The second gymnast gets a massive block off of the table, twisting and flipping with straight legs and pointed toes. She sticks it cold, wearing a University of Wisconsin-Stout leotard, and scores a 9.600.

This is what we call “leotard bias”—when scoring is influenced by the judges’ perceived value of the gymnast or team for which she’s competing.

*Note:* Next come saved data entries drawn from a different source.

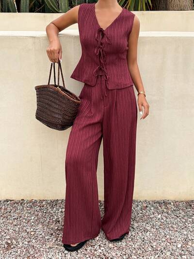 Set de 2 piezas de chaleco cruzado casual y pantalones de pierna ancha para mujer-70%
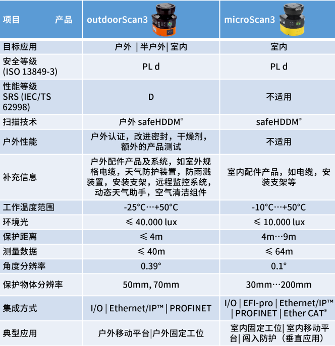 在這里倒是很想分享典型的應(yīng)用于室內(nèi)的microScan3系列與outdoorScan3系列的主要差異,以便大家在評估應(yīng)用時有所參考。具體如下表:
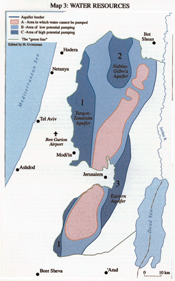 Accordingly, the Mountain Aquifer is divided into three subareas marked on the map by the numbers 1-3, representing different levels of strategic importance, as follows:

This bias only takes hold because of flaws in the system’s foundation. Gymnastics judging—no matter how many angles and numbers are added to the code of points—is inherently subjective.

It isn’t like track, where the fastest runner wins, nor is it like football, where, with the help of instant replay, bad calls can be questioned and often reversed.

Judges are asked to watch a vault that occurs in the span of five to seven seconds and quantify its flaws, using only their brief memory as a guide. Style choices on floor and beam may bother one judge and not the other, causing the former to end up with a much harsher score. Subjective scoring is riddled with human error to begin with.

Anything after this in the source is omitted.